CPECs-CM improves high Pi-induced dysfunction of MAPKs and PI3K/AKT. Time-dependent effect of high Pi on MAPKs (A) and PI3K/AKT (B) expression. MOVAS cells seeded in a 9-cm plate were treated with 3 mM high Pi for 1, 2, 4, 8, 10, 12, and 14 days. (C) CPECs-CM improved the expression of MAPKs and PI3K/AKT pathways in high Pi-treated cells. (D) U0126 (an ERK inhibitor) inhibited high Pi-induced calcification of MOVAS cells. MOVAS cells seeded in a 9-well plate were cultured with CPECs-CM and treated with 3 mM high Pi for 14 days. (E) Measurement of calcium content.
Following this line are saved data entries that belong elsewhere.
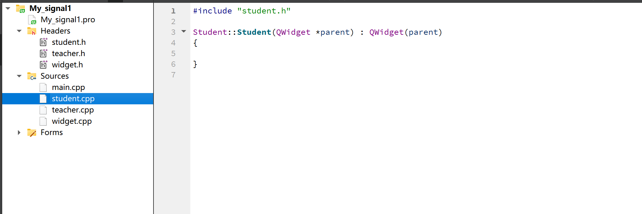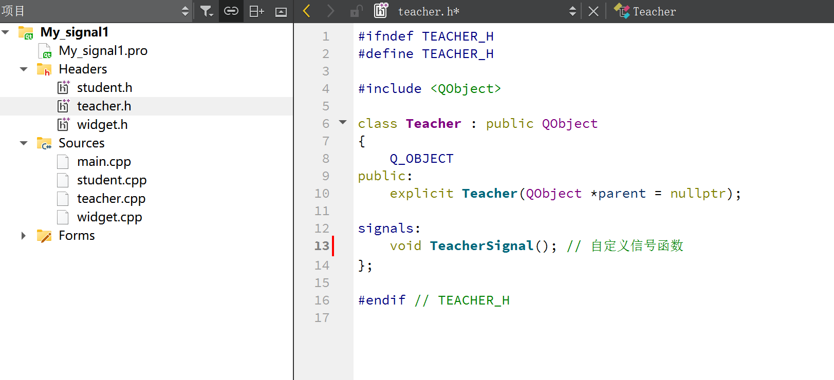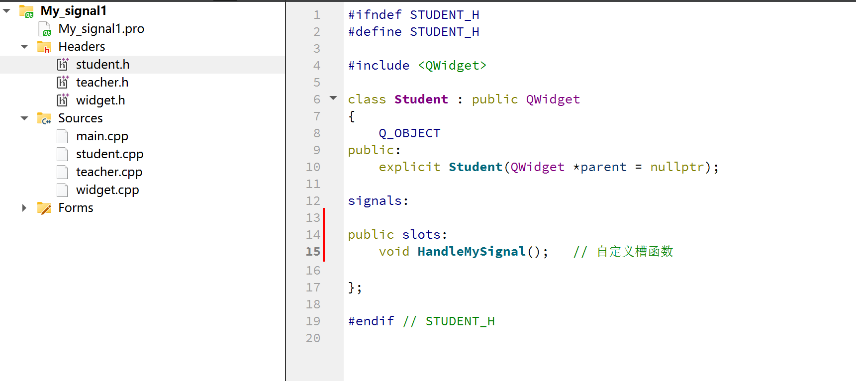 1.3.3. 分别在teacher.h和student.h两个文件中分别加上自定义函数声明和槽函数声明
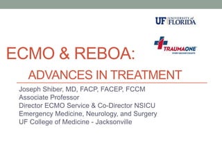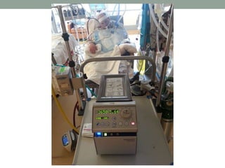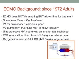 ECMO provides lung and heart support to allow time for treatment when time is the treatment. It is used for conditions like ARDS, lung trauma, heart attacks, and as a bridge to transplant. Outcomes have improved at ECMO centers.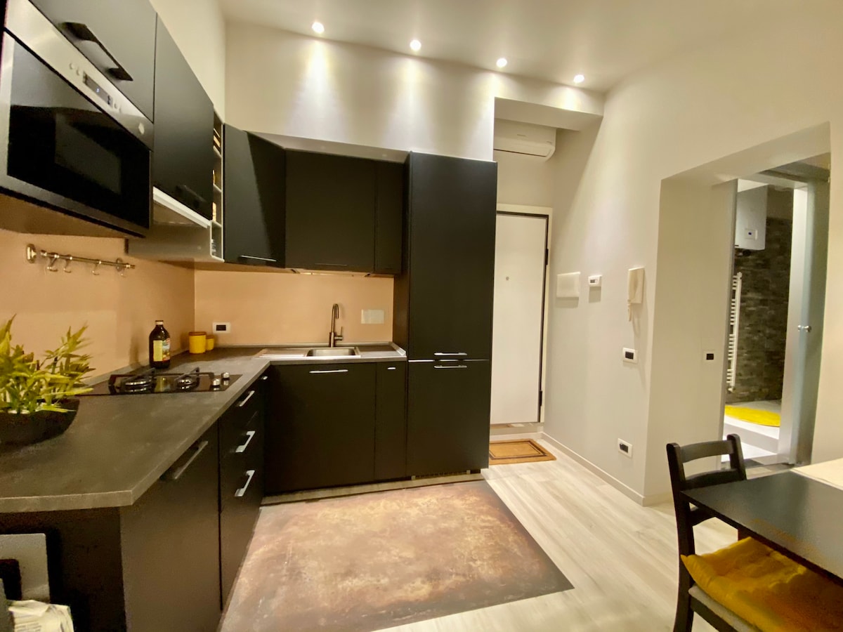 Klimatizirano stanovanje, 40 m2 z mezzaninom, ki se nahaja v pritličju enonadstropne stavbe v teku, s pogledom na zasebno teraso 12 m2, popolnoma prenovljeno in opremljeno s kakovostnimi storitvami. Dostop do podstrešja vključuje prehod skozi hodnik, do katerega dostopate po stopnicah, in spust 24 korakov, da se zberete v nastanitvi v absolutni mirni in svetlosti.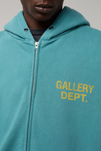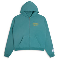 90's zip-up hoodie with an oversized fit and front pockets. Finished with GD ENGLISH logotype. Model: 6" wearing size L Artistic Details - 90's zip-up hoodie. - Oversized fit. - Front pockets. - GD ENGLISH logotype. - Features our patent wash process that uses unique fading techniques for each piece, inclusive of logos and graphics. Made in USA Material: 100% Cotton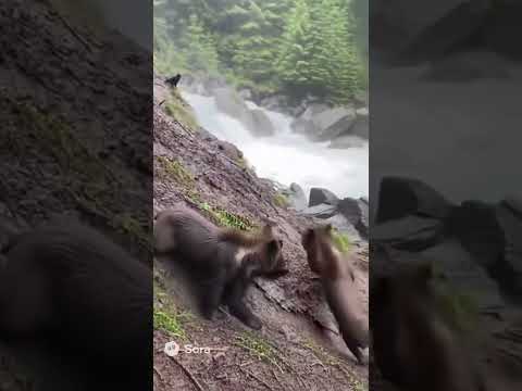 Bear falls off cliff!!#shorts #shortz #bear🐻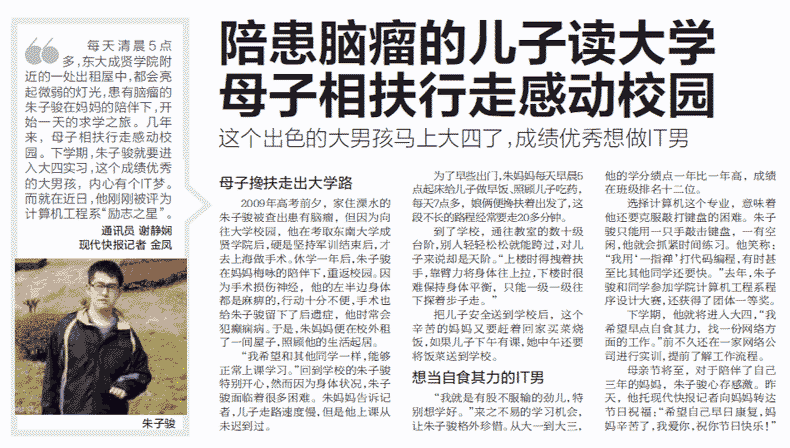 【现代快报】陪患脑瘤的儿子读大学 母子相扶行走感动校园

Protein expression was examined by western blotting. All data were obtained from three independent experiments. Bars with different letters indicate significance at P < 0.05 level.

FIGURE 6

Proposed signal pathways. CPECs were isolated, cultured, and identified. CPECs-CM co-treatment effectively inhibited HPi-induced ROS generation, DNA damage, and dysfunction of MAPKs and PI3K/AKT pathways, and eventually attenuated HPi-induced calcification of MOVAS cells.